TASK TO CARRY OUT
Each line in the records below, from the one that contains "figma COBRA THE" to the one that contains "Doppelhaus in Fertigbauweise - das", should be reproduced exactly, the first and last included.

DATA
┄┄┄┄┄┄┄┄┄┄┄┄┄┄┄┄┄┄┄┄
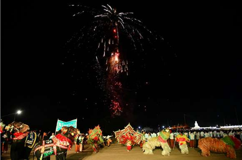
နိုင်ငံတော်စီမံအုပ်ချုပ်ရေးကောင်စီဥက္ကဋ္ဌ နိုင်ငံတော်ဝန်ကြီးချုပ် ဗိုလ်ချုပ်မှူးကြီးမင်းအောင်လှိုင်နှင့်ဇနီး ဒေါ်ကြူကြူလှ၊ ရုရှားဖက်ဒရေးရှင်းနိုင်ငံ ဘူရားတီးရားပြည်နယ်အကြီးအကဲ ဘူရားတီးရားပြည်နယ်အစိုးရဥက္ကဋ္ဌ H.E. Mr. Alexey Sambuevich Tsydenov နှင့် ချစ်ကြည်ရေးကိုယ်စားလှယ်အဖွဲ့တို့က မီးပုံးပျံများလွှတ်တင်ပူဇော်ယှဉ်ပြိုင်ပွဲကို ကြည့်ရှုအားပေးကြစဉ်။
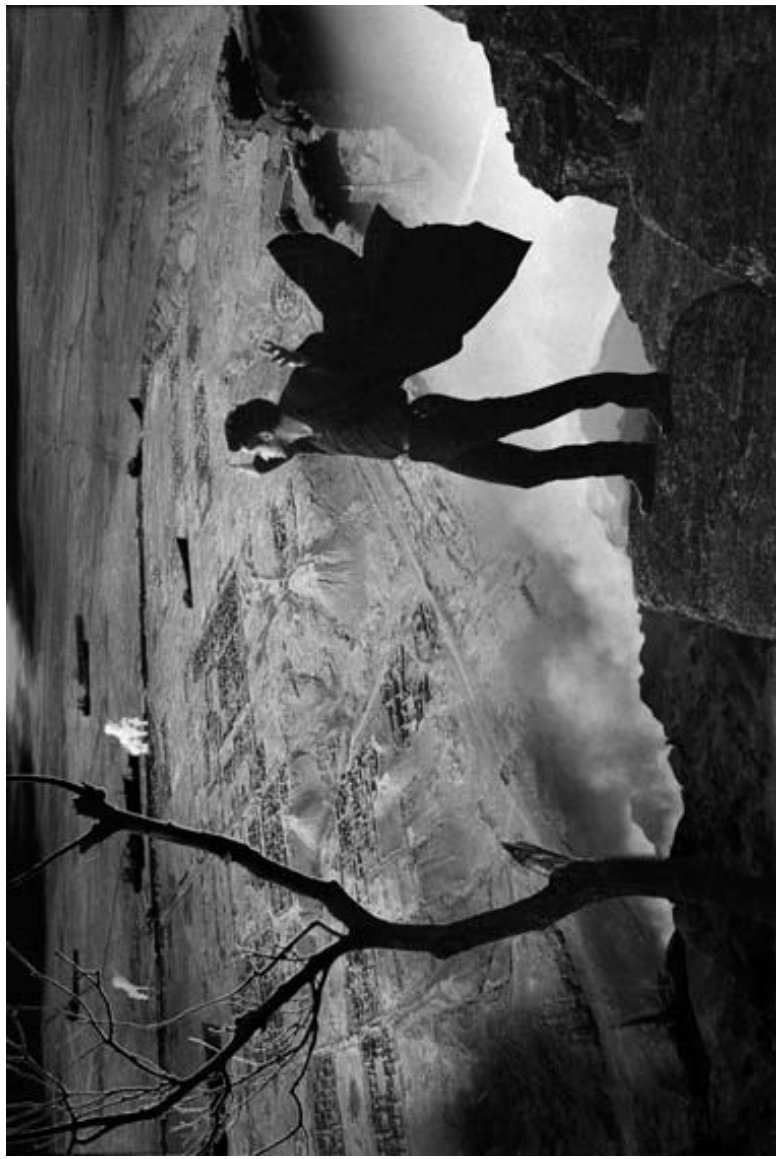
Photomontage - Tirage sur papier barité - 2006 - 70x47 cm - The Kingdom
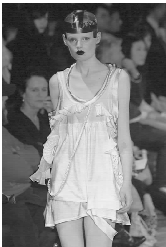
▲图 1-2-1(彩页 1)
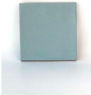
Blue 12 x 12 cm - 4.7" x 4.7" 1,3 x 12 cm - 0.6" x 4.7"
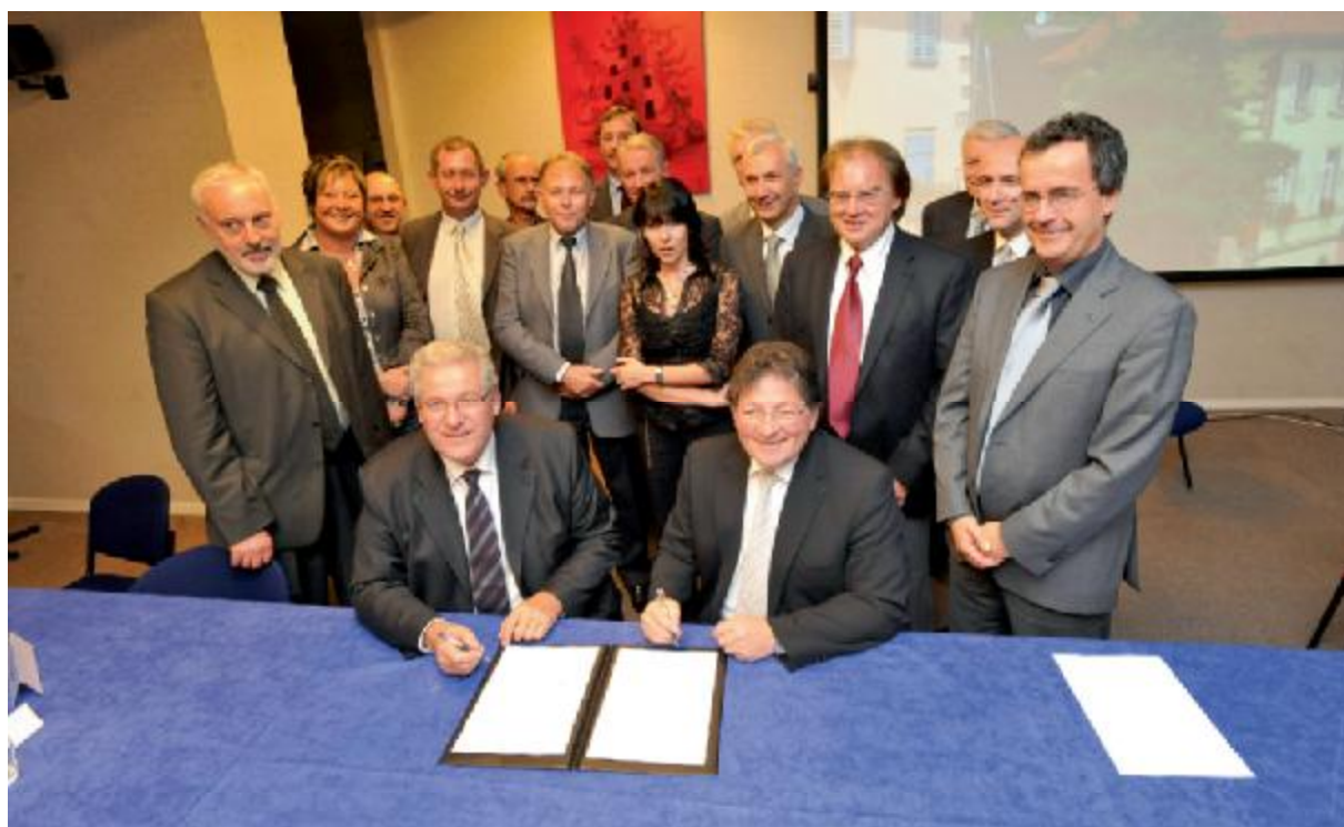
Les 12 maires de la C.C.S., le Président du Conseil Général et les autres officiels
┄┄┄┄┄┄┄┄┄┄┄┄┄┄┄┄┄┄┄┄
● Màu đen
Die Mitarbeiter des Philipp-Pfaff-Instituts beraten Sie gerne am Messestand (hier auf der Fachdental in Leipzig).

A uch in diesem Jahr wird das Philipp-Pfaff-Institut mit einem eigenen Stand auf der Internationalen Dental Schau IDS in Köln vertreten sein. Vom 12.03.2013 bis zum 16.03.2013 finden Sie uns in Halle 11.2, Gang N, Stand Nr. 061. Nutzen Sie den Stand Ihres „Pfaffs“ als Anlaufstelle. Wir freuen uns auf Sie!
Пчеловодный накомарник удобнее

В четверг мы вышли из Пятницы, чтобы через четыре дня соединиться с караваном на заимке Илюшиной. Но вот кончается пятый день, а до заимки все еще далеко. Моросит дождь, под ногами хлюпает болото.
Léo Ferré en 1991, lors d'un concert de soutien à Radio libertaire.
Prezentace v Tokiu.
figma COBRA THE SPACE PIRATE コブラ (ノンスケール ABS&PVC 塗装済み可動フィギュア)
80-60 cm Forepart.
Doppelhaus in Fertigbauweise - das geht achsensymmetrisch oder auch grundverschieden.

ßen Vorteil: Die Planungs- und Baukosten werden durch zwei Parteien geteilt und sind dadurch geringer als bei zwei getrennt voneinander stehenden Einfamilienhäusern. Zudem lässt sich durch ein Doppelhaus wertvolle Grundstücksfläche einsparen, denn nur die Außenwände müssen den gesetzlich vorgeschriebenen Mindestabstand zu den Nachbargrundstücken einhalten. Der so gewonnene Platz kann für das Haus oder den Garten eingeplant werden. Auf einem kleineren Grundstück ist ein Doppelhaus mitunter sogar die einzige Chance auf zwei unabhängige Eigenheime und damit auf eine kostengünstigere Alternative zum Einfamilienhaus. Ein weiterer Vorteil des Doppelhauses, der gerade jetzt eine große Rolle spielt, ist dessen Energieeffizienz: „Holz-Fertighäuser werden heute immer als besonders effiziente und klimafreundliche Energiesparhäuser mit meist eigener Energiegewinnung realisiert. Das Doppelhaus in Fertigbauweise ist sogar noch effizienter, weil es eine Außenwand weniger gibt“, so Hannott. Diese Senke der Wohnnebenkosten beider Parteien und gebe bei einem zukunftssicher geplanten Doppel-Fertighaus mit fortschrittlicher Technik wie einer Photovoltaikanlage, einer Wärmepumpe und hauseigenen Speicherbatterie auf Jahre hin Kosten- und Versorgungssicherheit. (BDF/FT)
┄┄┄┄┄┄┄┄┄┄┄┄┄┄┄┄┄┄┄┄
RESPONSE BOX
figma COBRA THE SPACE PIRATE コブラ (ノンスケール ABS&PVC 塗装済み可動フィギュア)
80-60 cm Forepart.
Doppelhaus in Fertigbauweise - das geht achsensymmetrisch oder auch grundverschieden.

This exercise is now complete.